### Task statement
Starting at the line containing "puis accéderez à" and ending at the line containing "ห้องอาหารมื้อเย็นของโรงแรมจะเป็นแบบ Half Buffet", print every line of the material below exactly, both ends included, and stop there.

### Entries shown
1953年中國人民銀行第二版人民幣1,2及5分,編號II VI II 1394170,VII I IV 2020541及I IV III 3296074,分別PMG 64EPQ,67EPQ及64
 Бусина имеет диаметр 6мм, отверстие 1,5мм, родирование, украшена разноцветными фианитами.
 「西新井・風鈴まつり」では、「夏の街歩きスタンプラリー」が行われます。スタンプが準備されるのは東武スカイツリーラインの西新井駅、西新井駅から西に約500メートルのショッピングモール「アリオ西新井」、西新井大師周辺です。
---
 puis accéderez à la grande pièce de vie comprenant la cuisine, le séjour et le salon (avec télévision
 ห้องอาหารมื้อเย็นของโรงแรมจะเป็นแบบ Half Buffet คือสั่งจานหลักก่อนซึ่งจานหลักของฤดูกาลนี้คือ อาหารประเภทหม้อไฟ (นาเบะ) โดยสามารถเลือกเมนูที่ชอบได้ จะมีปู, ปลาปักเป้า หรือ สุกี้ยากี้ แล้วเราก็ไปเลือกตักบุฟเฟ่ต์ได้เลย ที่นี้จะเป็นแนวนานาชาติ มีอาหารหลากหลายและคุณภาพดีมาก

### Expected answer
 puis accéderez à la grande pièce de vie comprenant la cuisine, le séjour et le salon (avec télévision
 ห้องอาหารมื้อเย็นของโรงแรมจะเป็นแบบ Half Buffet คือสั่งจานหลักก่อนซึ่งจานหลักของฤดูกาลนี้คือ อาหารประเภทหม้อไฟ (นาเบะ) โดยสามารถเลือกเมนูที่ชอบได้ จะมีปู, ปลาปักเป้า หรือ สุกี้ยากี้ แล้วเราก็ไปเลือกตักบุฟเฟ่ต์ได้เลย ที่นี้จะเป็นแนวนานาชาติ มีอาหารหลากหลายและคุณภาพดีมาก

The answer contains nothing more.